EXERCISE BRIEF: In the entries below, which lines run from the one containing "Vela 10x10 en" to the one containing "Once the issue"? Copy exactly those lines, ends included, and no others.

DATASET RECORDS:
>>>>>
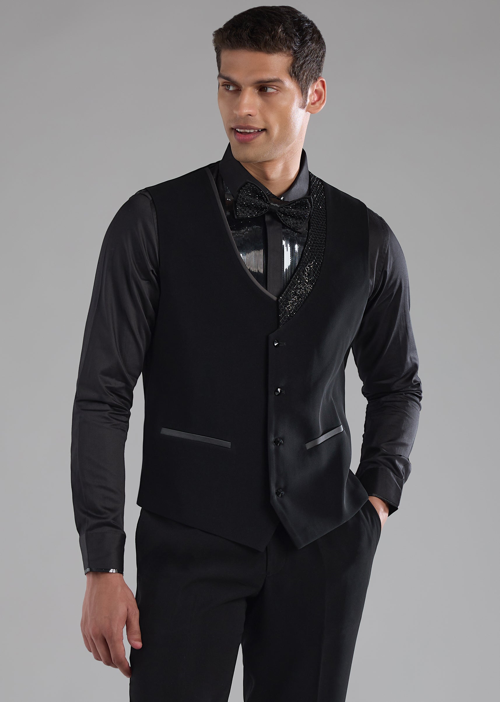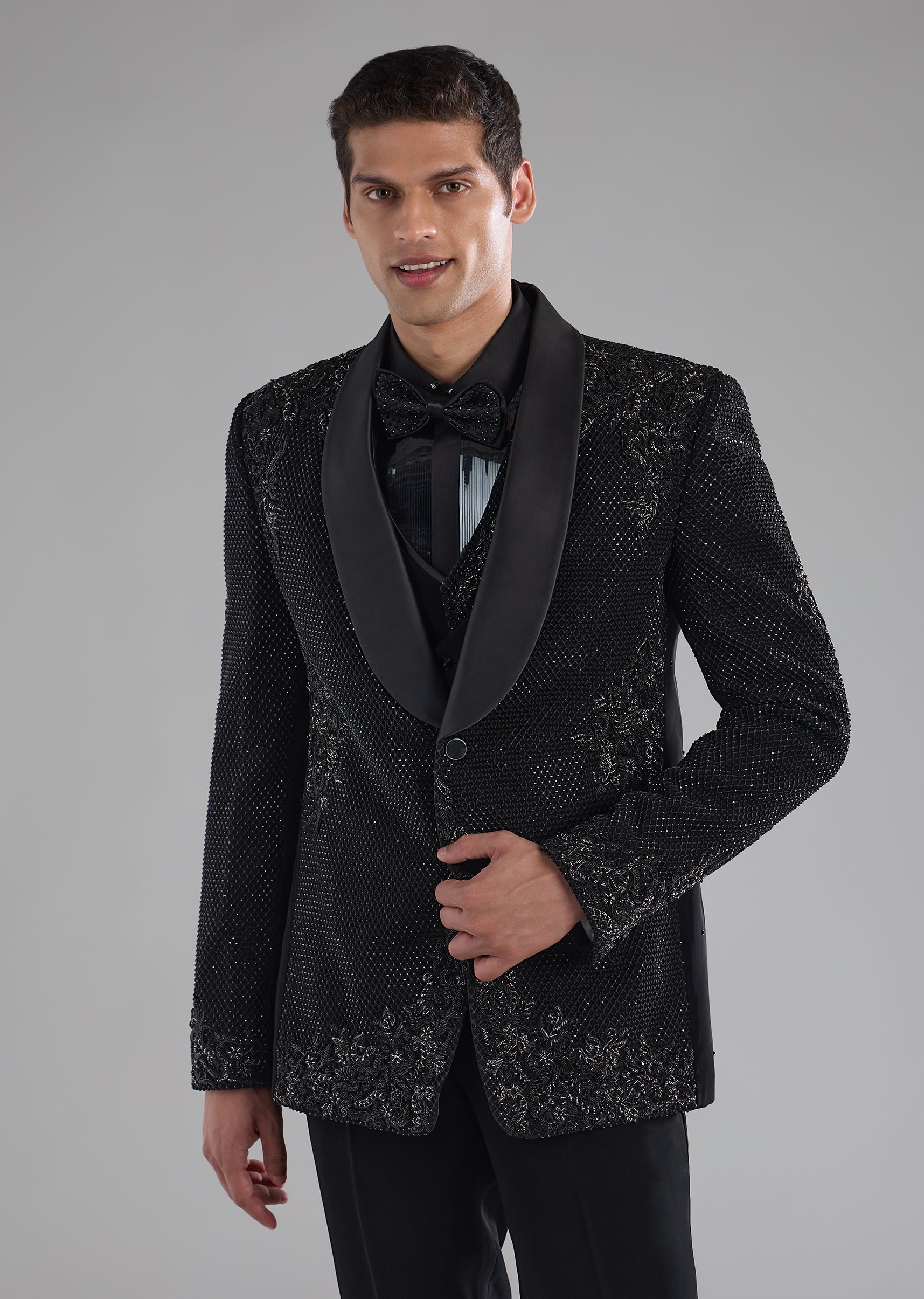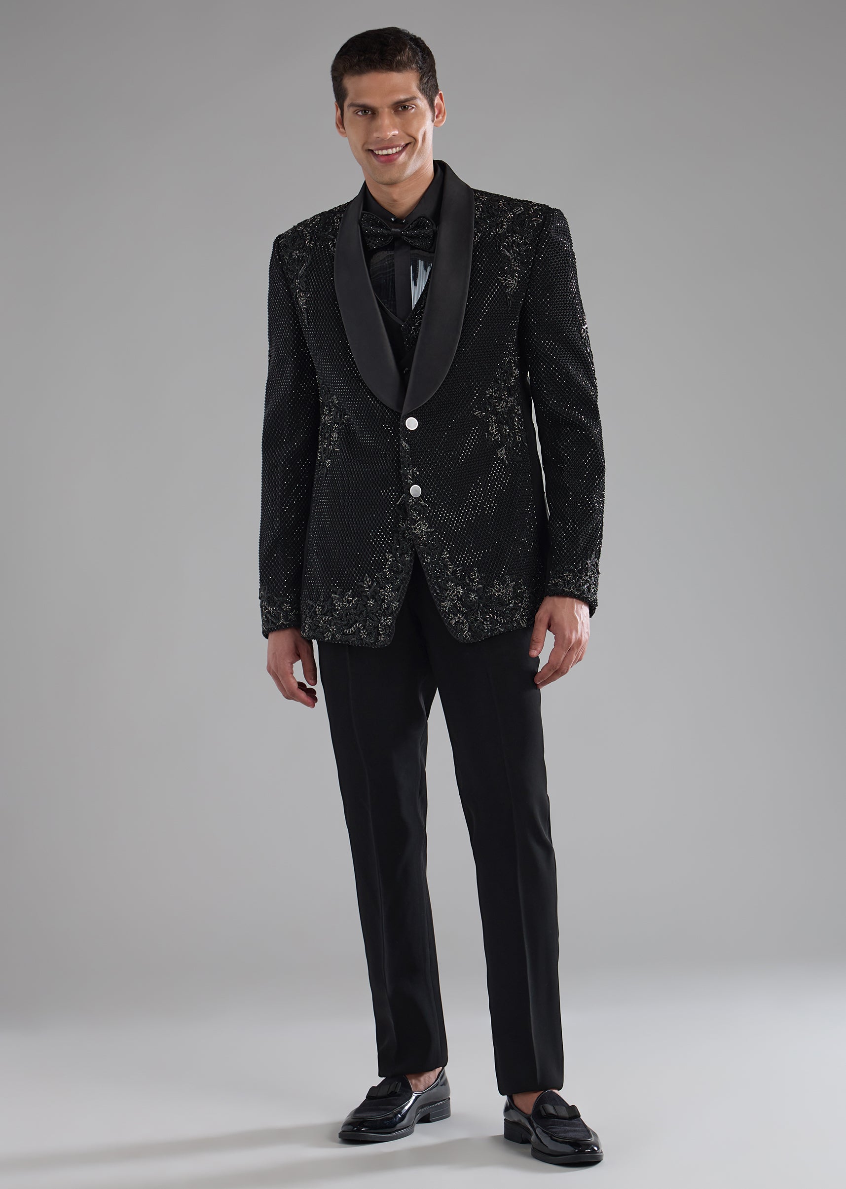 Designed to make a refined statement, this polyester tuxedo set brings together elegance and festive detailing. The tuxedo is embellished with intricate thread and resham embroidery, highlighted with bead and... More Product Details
<<<<<
>>>>>
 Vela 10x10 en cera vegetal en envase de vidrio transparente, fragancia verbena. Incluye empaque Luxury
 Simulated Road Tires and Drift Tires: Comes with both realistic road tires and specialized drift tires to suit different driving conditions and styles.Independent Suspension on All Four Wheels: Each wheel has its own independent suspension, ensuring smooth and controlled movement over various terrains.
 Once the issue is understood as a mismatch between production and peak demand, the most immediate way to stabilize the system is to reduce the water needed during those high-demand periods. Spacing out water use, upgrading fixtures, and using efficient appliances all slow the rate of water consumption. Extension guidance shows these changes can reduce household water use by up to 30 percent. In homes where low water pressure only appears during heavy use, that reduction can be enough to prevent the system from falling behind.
<<<<<
OUTPUT:
 Vela 10x10 en cera vegetal en envase de vidrio transparente, fragancia verbena. Incluye empaque Luxury
 Simulated Road Tires and Drift Tires: Comes with both realistic road tires and specialized drift tires to suit different driving conditions and styles.Independent Suspension on All Four Wheels: Each wheel has its own independent suspension, ensuring smooth and controlled movement over various terrains.
 Once the issue is understood as a mismatch between production and peak demand, the most immediate way to stabilize the system is to reduce the water needed during those high-demand periods. Spacing out water use, upgrading fixtures, and using efficient appliances all slow the rate of water consumption. Extension guidance shows these changes can reduce household water use by up to 30 percent. In homes where low water pressure only appears during heavy use, that reduction can be enough to prevent the system from falling behind.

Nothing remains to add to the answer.